Ces observations appellent donc à la plus grande vigilance quant aux termes employés dans le compte rendu-écrit et aux suites à donner à l’entretien d’évaluation du salarié, notamment au regard des conséquences de la qualification de sanction sur le pouvoir disciplinaire de l’employeur.

 

Les conséquences de la qualification de sanction sur le pouvoir disciplinaire de l’employeur

La qualification de sanction disciplinaire ou non d’un écrit adressé au salarié dans lequel lui sont faites des observations a toute son importance.  L'enjeu est, en effet, de savoir si les faits ayant fait l’objet d’observations peuvent donner lieu, ensuite, à un avertissement ou autre sanction, sans tomber sous le coup du principe non bis in idem.

En effet, en droit du travail, en vertu de ce principe, l’employeur ne peut sanctionner une deuxième fois un salarié pour les mêmes faits fautifs (Cass. soc., 3 févr. 2004, n° 01-45.989 ; Cass. soc., 14 nov. 2013, n° 12-21.495).

Le cas échéant, les deux sanctions sont illicites et pourront  être annulées par les juges prud’homaux en application de l’article  L.1333-2 du Code du travail (Cass. soc., 22 mai 2019, n° 17-27.985 ; Cass. soc., 31 mars 2021, n° 19-25.538). Dans l’hypothèse d’un licenciement prononcé successivement à une précédente sanction pour des mêmes faits, le licenciement sera jugé sans cause réelle et sérieuse donnant lieu à des dommages-intérêts au bénéfice du salarié (Cass. soc., 12 mars 1981, n° 79-41.110).

C’est d’ailleurs en application de ce principe que les juges ont considéré, dans l’arrêt du 2 février 2022, que le licenciement pour faute grave prononcé pour les mêmes faits que ceux ayant déjà fait l’objet d’un avertissement, était sans cause réelle et sérieuse, dans la mesure où l’employeur avait épuisé son pouvoir disciplinaire concernant ces faits (Cass. soc., 2 février 2022, n°20-13.833).

Par application de ce principe, l'employeur ne peut pas non plus annuler une première sanction notifiée au salarié pour la substituer à une sanction plus lourde (Cass. soc., 14 nov. 2013, n° 12-21.495).

Toutefois, le principe non bis in idem n’interdit pas à l’employeur d’invoquer des faits fautifs déjà sanctionnés au soutien d’une nouvelle sanction en cas de persistance du salarié dans un comportement fautif.

La Cour de cassation considère en effet que « la poursuite par un salarié d’un fait fautif autorise l’employeur à se prévaloir de faits similaires, y compris ceux ayant déjà été sanctionnés pour caractériser une faute grave » (Cass soc, 30 septembre 2004, n°02-44030).
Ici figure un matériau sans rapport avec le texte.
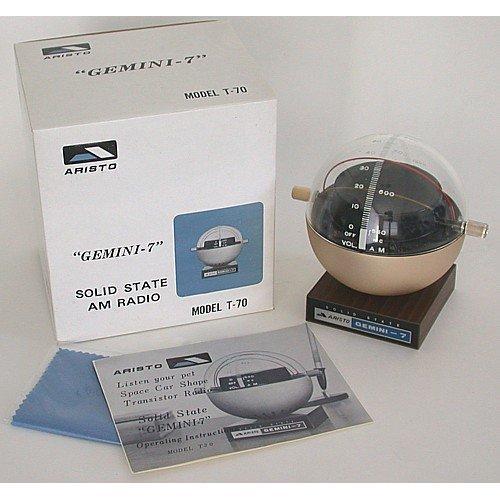 ARISTO SOLID STATE ?GEMINI-7? RADIO, battery operated transistor radio in original box, plays surprisingly well, radios and boxes are in mint condition, complete with orignial instruction booklet and dust cloth, Made in Japan, 1960?s, 5 inches tall.

Les sanctions antérieures invoquées par l’employeur à l’appui d’une nouvelle sanction, en cas de réitération des faits fautifs par le salarié, ne doivent néanmoins pas dater de plus de trois ans (Cass soc, 30 septembre 2004, n°02-44030). En effet, les sanctions disciplinaires se prescrivant au bout de trois ans (C. trav., art. L. 1332-5), l’employeur ne peut plus en arguer lors d’une nouvelle procédure disciplinaire, passé ce délai.